Insgesamt 21 Kanonenschüsse ertönen im 10-Sekunden-Takt, als der Sarg das großherzogliche Palais verlässt. Er wird von Offizieren der Luxemburger Armee und der Police grand-ducale begleitet. Dahinter schreiten Großherzog Henri, Großherzogin Maria Teresa, die Prinzen Jean und Guillaume sowie deren Ehefrauen und die Prinzessinnen Marie-Astrid und Margaretha sowie deren Ehemänner. Das erbgroßherzogliche Paar und dessen Verwandte folgen, vor den nationalen Autoritäten wie Chamber-Präsident Fernand Etgen, Premier Xavier Bettel und Agnès Durdu, die Präsidentin des Staatsrates.

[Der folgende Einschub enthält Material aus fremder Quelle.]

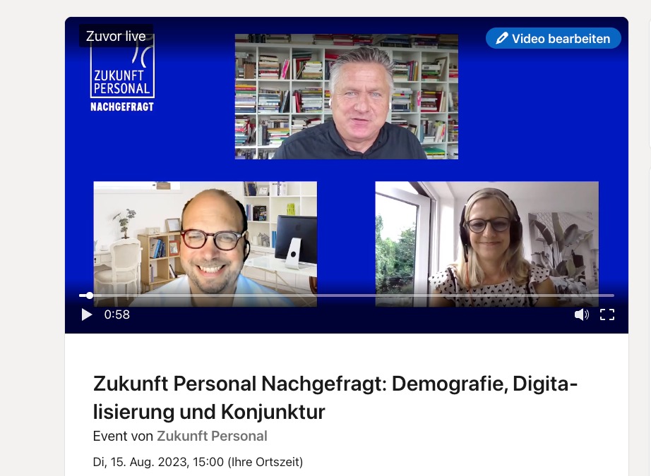 Ihr findet die Beiträge auch auf dem YouTube-Kanal von Zukunft Personal und auf meinen Twitter-Twtich-Facebook-Accounts. Also alle Plattformen, die Livestreaming-Aktivitäten wichtig sind.
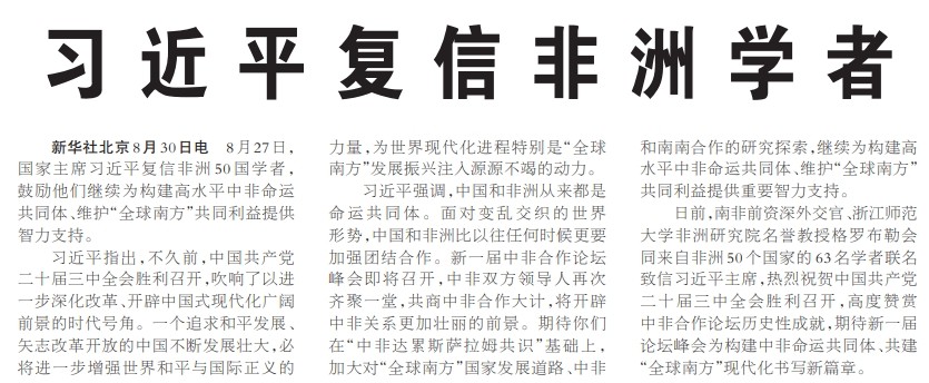 8月27日,国家主席习近平复信非洲50国学者,鼓励他们继续为构建高水平中非命运共同体、维护“全球南方”共同利益提供智力支持。
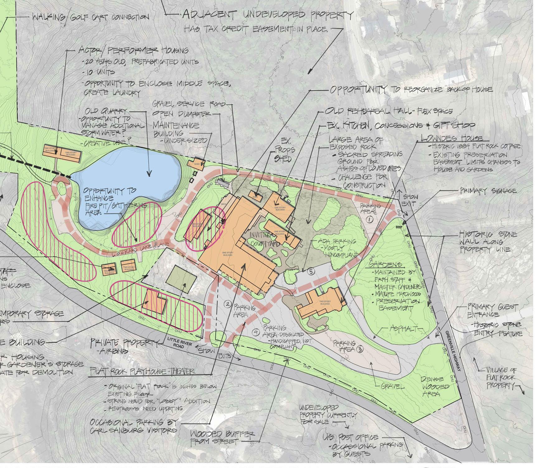 The Master Plan, a critical component of the Vagabond 360 Strategic Plan, analyzes existing conditions, facility needs, and anticipated program growth to enhance the Playhouse’s initiatives. It incorporates valuable feedback from various stakeholders, ensuring the plan respects the character of the Flat Rock Village historic area and maintains the distinctive aesthetic of the broader Flat Rock community.

„Et ass en ergräifende Moment an der Geschicht vun onsem Land. Ech hunn et als wichteg ëmfonnt, haut hei ze sinn. Präsenz ass wichteg, och wann ech an der Stad wunnen“, sagt Georges Schmitz, der sich wie so viele andere an diesem 4. Mai 2019 eingefunden hat, um Abschied von Großherzog Jean zu nehmen.